O Globo
Permitam ao cronista que não gosta muito
deste “vale de lágrimas” que escreva sobre o lugar onde entramos sem saber ou
ser chamados, fugindo dos fatos alarmantes que nos levam ao pior e à dor.
Exceto o prazer físico, conjugado e afim ao
“vale de lágrimas”, nem sempre existe o gozo corporal com um difícil
“bem-querer”, que pode ser o amor mutuamente inevitável e certamente ambíguo,
conforme cantam poetas, subfilósofos e malandros sedutores em todos os tempos.
Meu favorito é o velho Luís de Camões,
caolho na visão, mas aberto no coração: Amor é
fogo que arde sem se ver/É ferida que dói, e não se sente/É um contentamento
descontente/É dor que desatina sem doer.
Relembro aqui sua abertura e seu final:
Mas como causar pode seu favor/Nos corações
humanos amizade/Se tão contrário a si é o mesmo amor?
No final, brotam o humano — a ironia do “entretanto” e do “porém” — e as dívidas inerentes à liberdade que, como o amor, são fáceis de teorizar e tão difíceis de guiar a nossa insaciável índole humana, marcada justamente por projetos, desejos, escolhas e dúvidas. Aquilo que quase sempre é tão contrário a si mesmo, como torna claro a versão camoniana do amor...
Os mamíferos têm escolhas. Mas lembrem-se
de que um elefante não come carne, e um leão devora um búfalo cru! Nós,
entretanto, comemos cozido, e existem tantas formas de preparar uma carne
quanto os canais de TV que assinamos.
Somos criaturas do “entretanto”, do “porém”
e do “todavia”. Se sobreviver é básico, ele é sempre qualificado por alguma
forma de dúvida — essa dimensão indispensável ao arbítrio. Essa areia de que
somos feitos justamente porque, em todos os níveis, existem os intrometidos
“entretantos”, ponderados “poréns” e oscilantes “entrementes” inerentes ao ato
de escolher.
Em movediços tempos pré-eleitorais, quando
podem “cair” os que estão em cima e —no entanto — “subir” os que estão em
baixo, haja dúvida e perplexidade nesta sociedade que ainda não se quer
aristocrática. Nada, porém, como o voto “livre” para, entrementes, descobrir
nossos desencontros das alquimias entre Geraldos e Luizes Inácios. Uns
absolutamente burocráticos como o chuchu; outros pensando que ainda são capazes
de apimentar algum prato com a sagrada fórmula do “pão para os pobres”. Essa
palavra de ordem do cinismo nacional. Pão para os pobres, rei e caviar para
todos nós que podemos ofertar cristãmente esse sagrado pão.
Tenho visto muitas discussões durante minha
longa vida. Na fila de minha quarta dose de vacina contra a Covid-19, vi dois
velhinhos quase saírem no braço por um Lula visto por um como corrupto e visto
por um outro para quem o Lancelot era o Capitão.

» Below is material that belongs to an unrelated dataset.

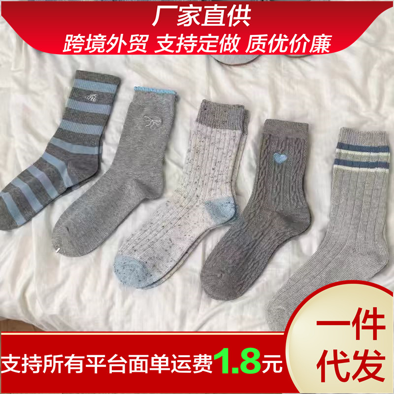 春の夏のシンプルな風に合わせて、新しい女性の靴下の灰色のシリーズの超保温の快適な綿の靴下の中の筒のファッションの山の靴下

A escolha eleitoral, como as amorosas, abre
os corações e tira a máscara “educada” do fingimento. Afinal, como dizia minha
mamãe, “toda franqueza é rude”, como todo populismo, de que sentimos saudade, é
como as promessas, esperançoso.
Sejam quais forem as opiniões dos
especialistas, e olha que eles são multidão no Brasil, os tempos pré-eleitorais
são de dúvidas e dos cálculos dos todavias, dos entretantos, do porém e daquilo
que talvez mais chame minha atenção como um modesto observador da nossa
sociedade, o dizer “sim” como “não” e vice-versa.
Mas o limite, a que finalmente chegamos, vem na forma de um elemento inusitado: a repetição que, como água benta, exorciza a dúvida como uma garantia de que seremos sempre o que gostamos de ser: os mesmos.